Subsequently, Williams was hospitalized after contracting smallpox but soon after, rejoined her unit who were then in New Mexico. Later on Williams was hospitalized again possibly because of side effects from her illness, heat or strain put on her body by marching. It was then a surgeon discovered she was a woman informing her commander.

Consequently, on October 14, 1868, Williams was discharged from the U. S. Army by Captain Charles E. Clarke. Afterward she went to work at Fort Union, New Mexico as a cook yet later moved to Pueblo, Colorado.  The former army officer married, but it ended in disaster when her husband stole her money and a team of horses. Williams had him arrested.

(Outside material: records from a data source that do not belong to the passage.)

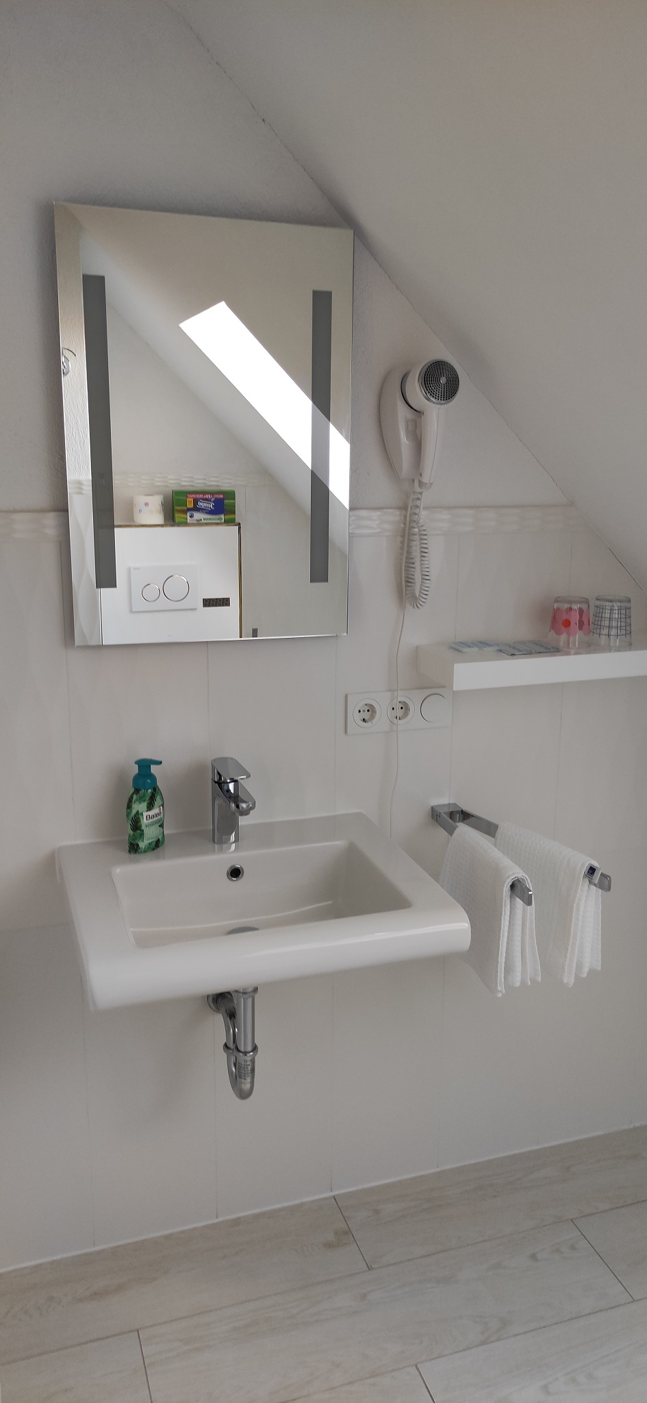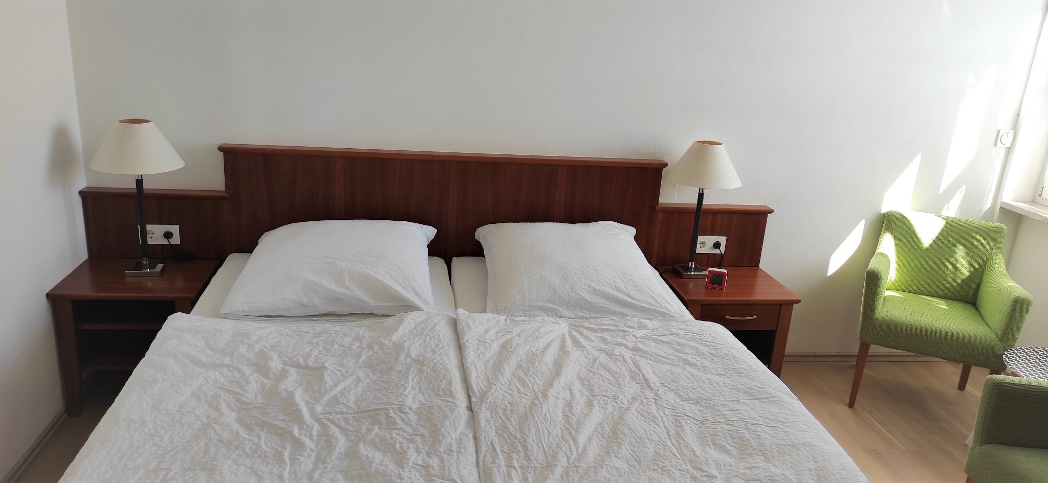 Unsere Zimmer sind modern eingerichtet und verfügen über ein Doppelbett, Parkettboden sowie ein eigenes Badezimmer. Im Badezimmer gibt es eine Dusche, ein WC sowie ein Waschbecken und einen Föhn. Alle Badezimmer verfügen über ein Fenster. Es gibt einen Aufenthaltsraum/Kaffe-Küche. Diese kann von allen Gästen genutzt werden. Handtücher und Bettwäsche sind vorhanden. Alle Zimmer sind Nichtraucherzimmer. Die Zimmer sind teilweise nur über etliche Treppenstufen zu erreichen. Wlan steht kostenfrei zur Verfügung, auch Parkplätze sind direkt am Haus vorhanden.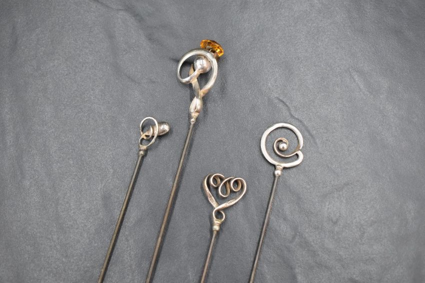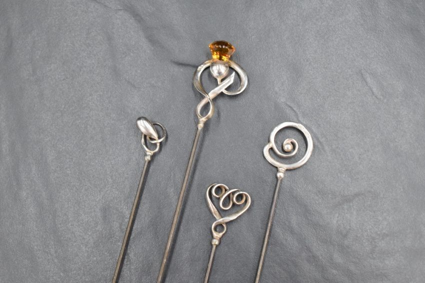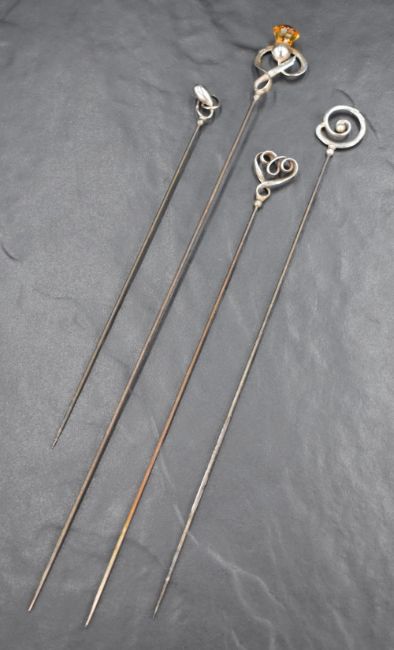 A group of four Charles Horner hair pins, three of plain silver form, the other of a thistle motif of longer length, 18.8g gross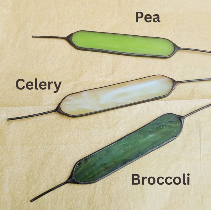 Being handmade, your stem will differ slightly from the photos as the glass shapes are cut entirely freehand replicating the variation seen in nature. The solder around the glass has a black patina, and the wire stem has a variegated gun-metal patina.
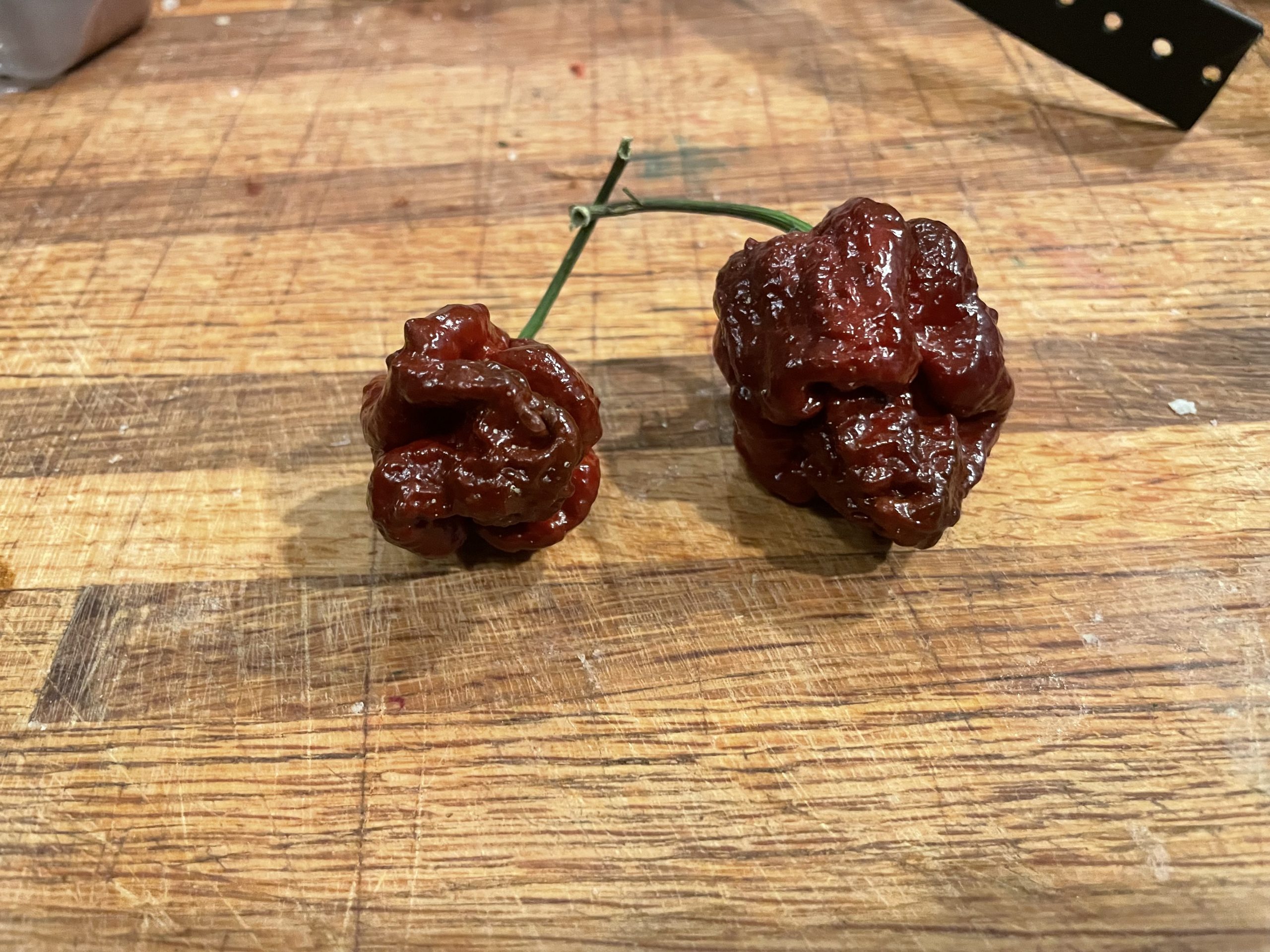 This one is packing some pain!  Developed to grower Jeff Remmert, this is a cross between a Carolina Reaper, 7 Pot Red and Chocolate Bhutlah.  Large, fairly productive plants,

Finally, Williams moved to Trinidad, Colorado where she worked as a seamstress. At this time, a reporter from St Louis heard rumors of an African American woman who served in the Army and interviewed her. For the first time her story was made public January 2, 1876, in The St. Louis Daily Times.

Around 1890, Williams was hospitalized, and in June 1891 applied for military disability pension because there was a precedence where other women such as Anna Maria Lane and Mary Hayes McCaulay (Molly Pitcher) who received pensions for their service in the Revolutionary War. Unfortunately, in September 1893, after a U. S. Pension Bureau doctor examined Williams, she was denied her pension.

The woman had neuralgia, diabetes, had all her toes amputated and walked with a crutch.

Sadly, it is believed Williams died in 1893, but the exact date and her final resting place are unknown. Her legacy includes a 2016 bronze bust featuring information about her with a small rose garden around it outside.

The Richard Allen Cultural Center in Leavenworth, Kansas and a 2018 Private Cathay Williams monument bench at the Wall of Honor at the National Infantry Museum.

As we celebrate Women’s History Month let us honor the bravery, determination and sacrifice of Williams who shattered glass ceilings and served her country even though that country did not see her as an equal.

Williams joins an elite group of women who were first in service to their communities and the U. S. They are not the last.